– Что там про войну слыхать?
– Побьют татаровей.
– Ужли ж?
– А нешь нет?
– Кто же знает?
– Знаю, побьют. На торгу татарина поймали.
– Ой, господи!
– Поймали! Минула беда.
– Ну, слава те, господи! А мы все слухаем, не завопит ли кто.
– А тогда что?
– Бежать стаНем. – Куда ж?
– В леса. Там не сыщут.
– А ежли…
– Загрызем! Все одно – не дадимся.
– А не все ль одно – мужик ведь!
– Сказал! Татарин-то?
– А ваши-то где?
– А на татар пошли.
Кирилл подумал: «Будто на медведя пошли али на бобра. Ох, бабы!»
– А где тут Анюта-вдовка живет? Вестно?
– А те на што?
– Да я ей давал порты стирать.
– Ой, молодец, давно, видать, дал!
– А что?
– Да ей тут уж год нету.
– Чего ж так?
– Да она одного молодца на казнь подвела – засрамили.
– А что за молодец?
– К ней один расстрига сватался, а она его – назад в монастырь.
– А! – смекнул Кирилл. – А куда?
– Да не то в Рязань, не то в березань.
– А все ж таки?
– К родителям.
Сердце остановилось: умерла?
Но баба разговорилась:
– У нее отец там гдей-то, на хлебном торгу прикащиком.
– А! Ну счастливо вам жить, бабоньки!
– Да мы и так не тужим. Тебя вот жаль.
– Ну-ка?
– Пропали порты-то – в Рязань увезла!
У колодца засмеялись. А Кирилл подумал: «Истинно: душу мою отстирала от пакости».
Он снова спросил, но суровее:
– Так верно, хохотухи, что уехала?
– Ну верно, верно. Перед Ильиным днем купцы туда с обозом ехали, так и она с ними. Вот уж другой год пошел.
– А где ж ее дом-то?
– А пониже к речке. Эна, отсель видать – крыша соломляная.
Баба подняла руку, указывая туда, и Кирилл приметил: статна молодка.
А может, тоже сейчас вдовкой станет. А может, и не чует, что уж стала вдовой?
Он поклонился ей и пошел. Свернул в боковую улочку и, еле пролезая между двумя заборами, пошел к соломенному верху Анютиной избы.
За тыном под яблоней рылись в земле цыплята и прыснули прочь, когда он распахнул калитку.

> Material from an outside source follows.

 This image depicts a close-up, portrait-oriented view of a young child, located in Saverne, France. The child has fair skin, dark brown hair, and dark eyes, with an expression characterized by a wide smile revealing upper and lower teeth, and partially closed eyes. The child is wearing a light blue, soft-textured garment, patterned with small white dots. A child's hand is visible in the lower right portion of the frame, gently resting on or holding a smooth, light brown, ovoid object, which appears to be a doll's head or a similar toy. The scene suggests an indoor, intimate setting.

Пожилая женщина строго и опасливо смотрела ему навстречу.
– Здравствуй, сестрица!
Женщина молча поклонилась. Нехорошо было сразу приступать к делу, но женщина была одна, смотрела опасливо, дни стояли тревожные, и Кирилл заспешил:
– Я об Анне думал спросить. Где она?
– А почто?
– Она постирать обещалась, так я зашел.
– Давно уж ее тут нету.
– А где ж она?
– Постирать-то и я могу. Приноси, ладно.
Он повернулся, чтоб идти, и, будто нехотя, спросил:
– А куда ж она, Анна-то, делась?
– К брату переехала. На Рязань.
– Он у нее что ж, в самом городе?
– В Затынной слободе. Огородник.
– Он что ж, не жил тут, что ли? Чтой-то я его не знаю. Как звать-то?
– Горденей.
– Не слыхал.
– Да он тут мало и жил. И Анна-то ведь рязаночка. Сюда замуж отдана.
А жизни-то и не вышло.
– Как это?
– Так, милой, какая ж жизнь: полтора года с мужем прожила, мужа убили. И не рассмотрела мужика, а уж овдовела. Третий год вдова. У брата жена теперь померла, поехала за его ребятами приглядеть. В чужой семье молодой бабе разве жизнь?

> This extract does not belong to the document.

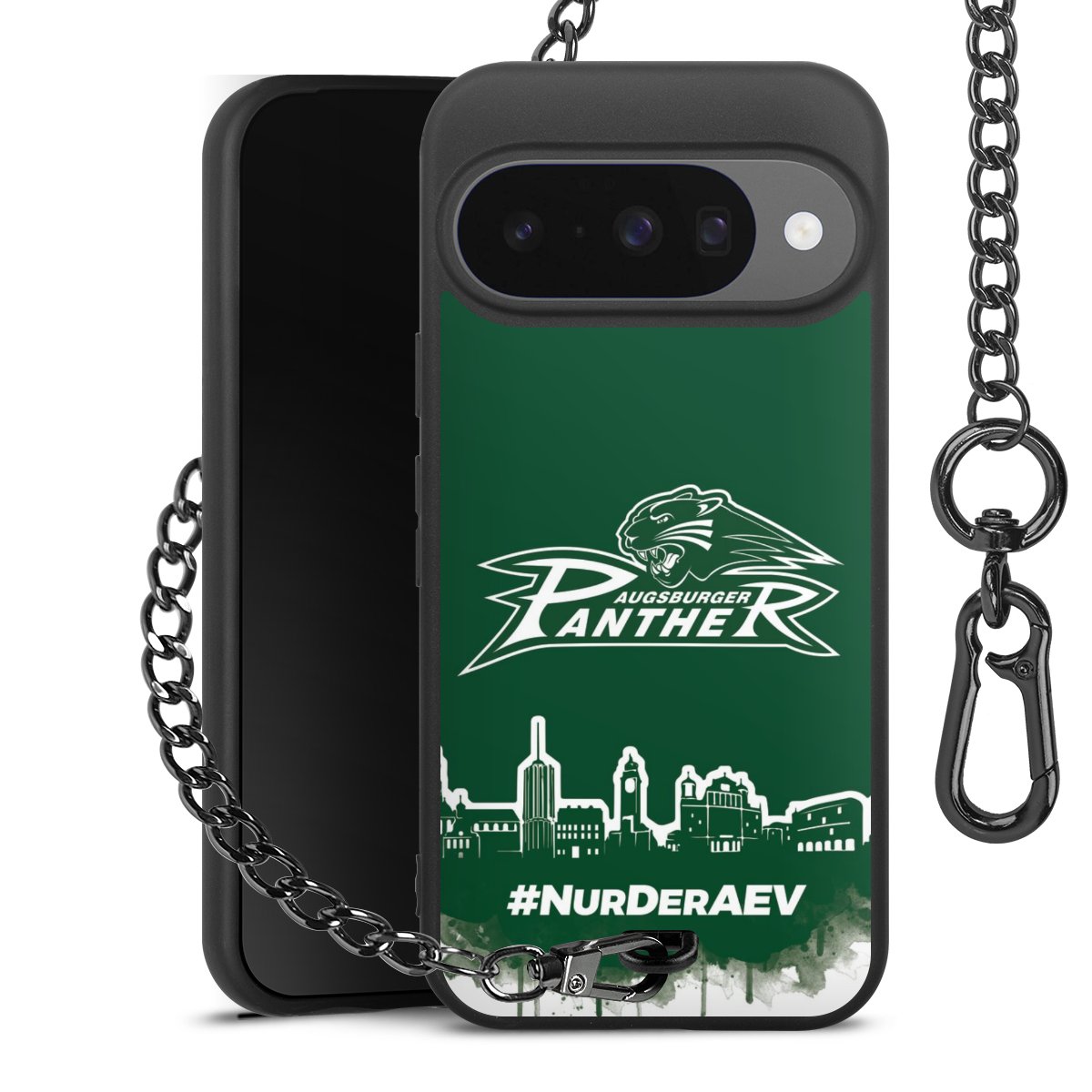 Die mattschwarze Silikon-Handyhülle besteht aus robustem TPU (thermoplastisches Polyurethan). Sie ist flexibel und schützt Dein Smartphone vor Stößen und Kratzern. Die Kette sowie der Karabinerhaken sind aus Metall in Gunmetal-Optik gefertigt. Für dieses Produkt kommen ausschließlich TÜV-geprüfte Materialien zum Einsatz.

Сколько годов Кирилл ничего не слышал о ней. Все, чего недоставало, выведал.
– А ты-то, сестрица, чего тут?
– А нас она на постой пустила. Деревню нашу сожгли. Муж – старик. Я у него третья жена. Он на плоту. Игнатий Вожжа. Нешь не знаешь?
– Как не знать!
– Ну то-то!
– Ну прости, сестрица.
– Так приноси, постираю.
– Принесу.
Он вышел. Стало так просторно вдруг. Шел и думал: куда ж идти? Только теперь понял, что для нее сюда шел, что без нее тут нечего делать.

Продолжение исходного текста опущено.